The key issue for me is the increase in uncertainty. In a period of upheaval, many things suddenly seem unstable. In such a world, people no longer know what to use as a point of reference. We saw a similar situation in the 1970s, when high inflation rates led to a severe loss of confidence. But one thing has changed significantly: Debt levels at that time were only a fraction of what they are today.

Debt has exploded and, at the same time, the pace of economic growth has slowed. This is making it increasingly difficult to grow out of this debt.

What makes today’s debt so dangerous is that the world has benefited from the «Great Moderation» in recent decades. Economic fluctuations have been more moderate than in the past and, in parallel, interest rates have fallen dramatically. As a consequence, taking on debt has cost us less and less.

Will we lose these advantages going forward?

In the early 1980s, we initially experienced a period of high market volatility and low debt. We then entered a phase of declining volatility, but with rising debt levels. Now, however, both volatility and debt are on the rise. This combination lays the groundwork for accidents and economic shocks. We are then adding the increasing levels of geopolitical hostility, a factor that worries me greatly.

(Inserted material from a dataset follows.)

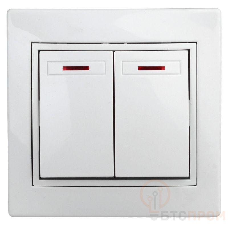 Выключатель двойной с подсветкой, 10А-250В, СУ, б.л., Plano, белый
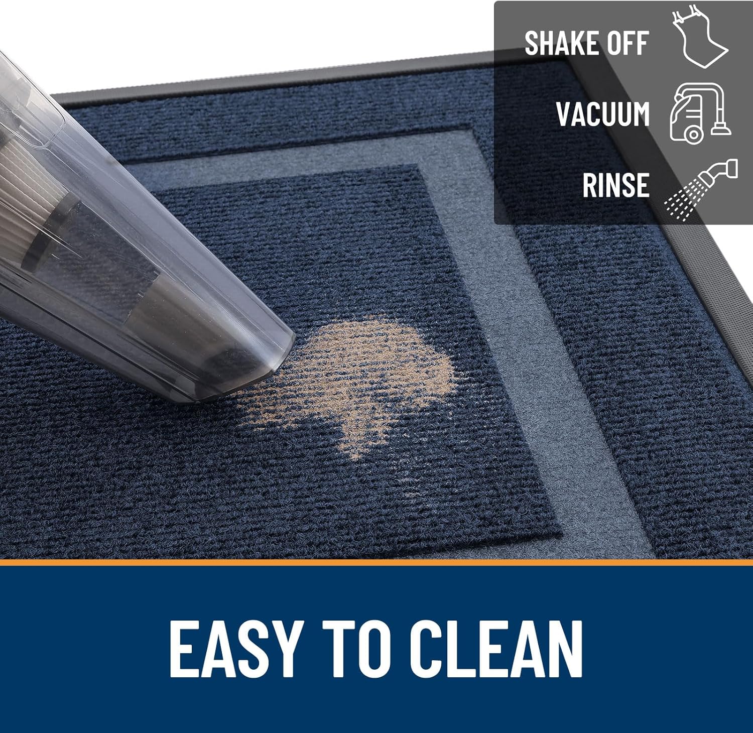- [EASY TO CLEAN] The OLANLY front door mat is designed for quick and effective cleaning using a vacuum or traditional broom cleaning methods. Additionally, tapping and shaking the back of the doormat helps remove residual debris. For a deeper clean, rinse it with a garden hose and hang the mat in a ventilated place or dry it in a dryer. This versatile cleaning method ensures that your doormat stays clean and tidy, ready to welcome guests.

Let’s come back to the dangers of high levels of debt. U.S. President Donald Trump is fueling the country’s national debt with his «Big, Beautiful Bill.» If passed, this budget bill is likely to result in an ongoing budget deficit of more than 6% of GDP.

That is highly problematic. The government should actually be looking at how it can reduce the debt burden. But it is very far from doing so. The bill under discussion does not even recognize the urgent need to at least stabilize the debt. It is also worrying that the government is counting on tariff revenues as a substantial source of funding for the national budget, even though it remains completely unclear how high these revenues will actually be.

The United States is one of the richest countries in the world and has a strong economy, so the country can afford to take on more debt.

Nevertheless, that debt is costing us an enormous amount of money. Last year, the U.S. government spent 12% of its budget on interest payments. This is by far the highest such share among Western countries. To find a similarly high debt-service burden, we have to look back to the situation in Greece 10 years ago. Even if the U.S. has enjoyed higher levels of prosperity, this development does not come free of charge. Ultimately, someone has to pay for it.

Who will foot the bill? Primarily savers?

There have been only four periods in history when real interest rates were negative: during the two world wars, in the 1970s due to high inflation rates, and since the financial crisis of 2008. From a historical perspective, the current situation is therefore a special case. There is a risk that this creeping erosion of savings will develop into lasting financial repression. This will depend, for example, on whether central banks are able to maintain their independence in the future or are instead instrumentalized by the state.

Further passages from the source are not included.